Developed a federated learning framework on GLMM

This project developed federated solutions based on two approximation algorithms to achieve federated generalized linear mixed effect models (GLMM).

This schema of federated learning model shows collaborative data analsyis among geographically distributed healthcare institutions. The local institutions periodically exchange intermediate statistics and update the convergence situation of the global model.

In this project, I solved the mathematical intractable problem with two approxiamtion methods: Laplace and Guass-Hermite. And the intractable log-likelihood function is defined as

\[\log\{\mathcal L(\theta)\}=\sum_{i=1}^{m}\log\left\{\int_{\mu_{i}}\left[\prod_{j=1}^{n_i}\mathbb P(\theta|X_{ij},y_{ij})\right]\phi(\mu_{i};\tau)\text{d}\mu_{i}\right\}\]
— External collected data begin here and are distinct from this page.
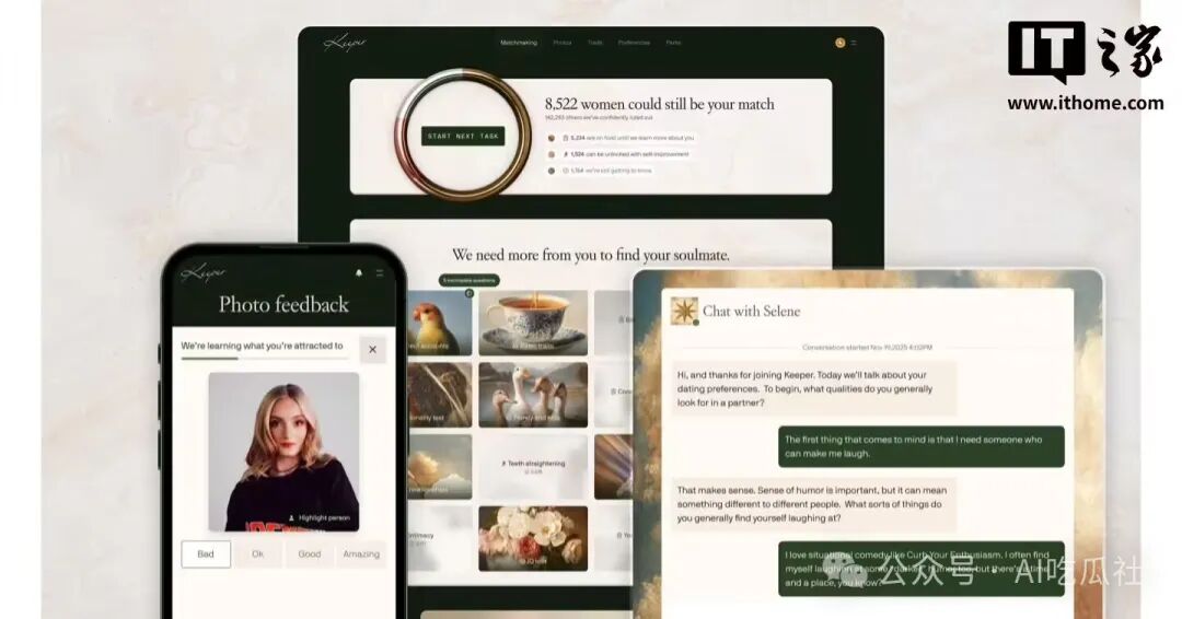 Keeper 是 2022 年成立的一家人工智能婚恋初创公司,它凭借独特的 AI 匹配机制和针对性收费模式近期引发广泛关注。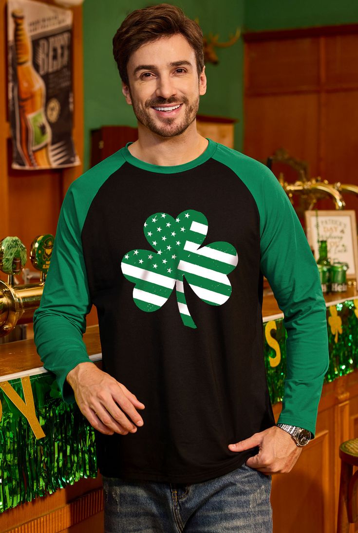 Men's Funny St. Patrick's Day Sláinte Shamrock Print Casual Long-Sleeve Top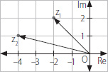 16. En el plano de Argand se han representado los números complejos z1 y z2. ¿Cuál es el resultado de z2 – z1?

The convergence of the approximation of the likelihood function may be compromised due to over-fitting. Also, for those spatially correlated data, the convergence of them may lead to a complex model. Hence, I also added an \(L2\) regularization is added to the local log-likelihood function of Gauss-Hermite approximation form, and as shown below

\[l_i=\log\mathcal L_i=\log\left(\sqrt{2\pi}\hat\omega\sum_{k=1}^Kh_k\exp\left\{g(\hat\mu_{i}+\sqrt{2\pi}\hat\omega x_k;\theta)+x_k^2\right\}\right) - \lambda\|\beta\|^2_2\]

Results visualization

We can see that the federated GH method outperformed the Centralized LA and the federated LA methods, thanks to its better approximation using higher-degree functions. Here, we use the true parameters and their p-values set during the data the synthetic data generation process as the golden standard. The accuracy means the alignment ratio of three different methods against the gold standard.

Also, notice that the federated Gauss-Hermite method achieved higher test power.